The New Orleans live music scene also supports a range of workers and businesses suffering from the shutdown. Publications like the 32-year-old music monthly depend on spring issues thick with ads for (now-canceled) gigs at (now-shuttered) clubs, many of which are posting online fundraisers to hopefully replace the festival-season tips a city full of bartenders and servers relies on. Independent record stores, like the locals-focused, expected to be welcoming a flood of music tourists, and are now trying to drum up mail-order business. The Music Factory shares a building with Offbeat's offices, at the corner of Frenchmen Street, a strip of bars, clubs and restaurants that's usually one of the busiest in the city. Now it's a ghost town: When Debbie Davis and her regular piano player, Josh Paxton, went to take some photos for the new album a few nights before the mayor's stay-home order was issued, the pair was able to stand in the middle of a street full of locked doors, completely unlined by parked cars.

"Things were boarded up, and I don't know what's going to get unboarded," she says. "It won't be returned to us the way we left it. We're not getting it back."

Of course, there was another time in the collective memory when New Orleans businesses were boarded up and friends and bandmates were stuck far away from each other.

"It was unbelievable when we put the lock on the door of Preservation Hall," says Ben Jaffe, the Hall's creative director, whose parents co-founded the storied French Quarter venue in 1961. "Talk about opening an old wound. But Katrina was physical. We could see the damage with our eyes. This thing is invisible."
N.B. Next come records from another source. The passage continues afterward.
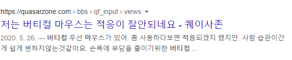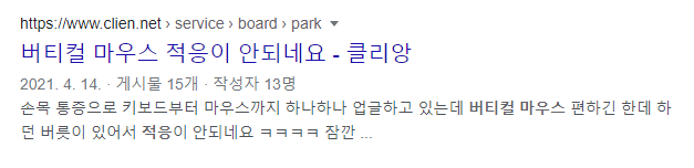손 바닥이 지면에 수평이 되는 자세를 하여 마우스를 이용하였던 습관이 하루아침에 적응하기란 생각보다 쉽지않은일 이다, 커서를 움직이는 정도는 바로 적응이 가능하지만, 스크롤 휠 버튼을 누르는 경우 비틀어진 마우스 각도에 맞춰 힘방향을 조절하는 것이 적응시 까지 시간이 꾀나 걸리는 편이다.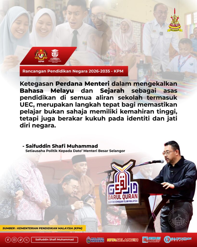 He also supported the Prime Minister’s firm stance on maintaining Bahasa Melayu and History as foundational subjects across all school streams, including institutions following the Unified Examination Certificate (UEC) pathway.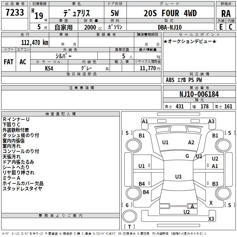 Nissan DUALIS с аукциона Японии TAA Hokkaido лот № 7233

The lessons of Katrina, he says, are serving him well when it comes to the pandemic response. It began with checking in with the 60 performing musicians and other staffers who work for the Hall. This time though, instead of being scattered around the country after evacuating, they were mostly at home.

"There was concern over our community of legacy musicians, these guys who are cultural pillars – many of them are in their 70s and 80s," says Jaffe. After health concerns came income. The Hall itself, of course, remains closed. Meanwhile, its nonprofit foundation, which does education and outreach in schools and juvenile correctional facilities as well as archival work, has lost its biggest annual fundraiser, Midnight Preserves – a run of late-night shows during Jazz Fest that pairs Hall musicians with big-name festival performers. Unlike after Katrina, musicians can't travel to play for audiences in cities that weren't affected — everyone, everywhere, is affected. There's also the worry that unlike after Katrina, lovers of New Orleans music elsewhere won't be able to send the same huge waves of support to the city — because everyone is affected.

Jaffe applied for a Small Business Association loan for the Hall, and set up the Legacy Emergency Relief Fund as a portal for donors to contribute directly to musicians. So far it's been fairly successful; some large early donations had the foundation set up, at the time we spoke, to disburse about $60,000.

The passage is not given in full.